This disclosure relates generally to multi-chip packages and in particular, to improved techniques for reducing a number of required die-design types for a multi-chip package implementation.
The invention may best be understood by referring to the following description and accompanying drawings that are used to illustrate embodiments of the invention. In the drawings:
In some embodiments, programmable devices such as FPGAs may be used to create multi-chip computing systems, for example, to prototype system designs prior to committing with fixed CPUs, GPUs, ASICS, and the like. Usually, several different programable die designs have been needed to implement the system. Unfortunately, this can cost excessive money and time in creating and verifying the different masks and manufacture processes needed for multiple different die designs. Accordingly, in some embodiments, new die configuration types are provided that may be used together with other instances of the design to create multi die modules requiring just the single die type.
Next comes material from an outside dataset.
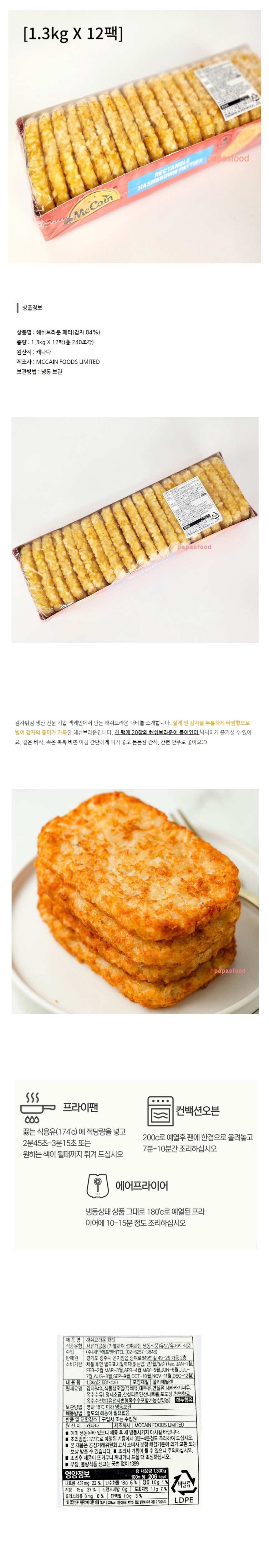 ![맥케인 해시브라운 감자패티 해쉬브라운 1박스[1.3kgX12팩] 이미지](https://content.foodspring.co.kr/vendor/622/images/101_1958065573_r.jpg?f=webp&s=876x876&t=inside)

For example, in some embodiments, a module may use a bridge with through silicon via (TSV) capabilities or an interposer to facilitate single die tape-in instead of requiring multiple, unique die tape-ins. A reduced number of required die types may result in a reduced number of required tape-ins, which can result in mask cost savings, as well as improvements in design turn-around time. In addition, test program development may be simplified, and product costs may be improved as volume is served by the reduced number of die types and wafers, resulting in improved yield.
The general IO blocks 115 may be used for die-to-die (D2D) connectivity, e.g., employing PAM, single-ended, differential, Serdes, and/or parallel interface implementations. In addition, they could also be used to implement external communication interfaces such as for off-chip memory (e.g., DDR, GDDR) or programming, test, or monitoring (e.g., I2C, SPI) depending on particular design objectives.
The interior processing region 120 generally includes a plurality of functional circuit blocks 122 coupled together through a programmable interconnect fabric 124. As indicated, functional blocks 122 may include a variety of different processing block types including configurable logic blocks (CLBs), intellectual property (e.g., hardened IP, HIP) blocks for performing specific functions, and memory blocks (Mx).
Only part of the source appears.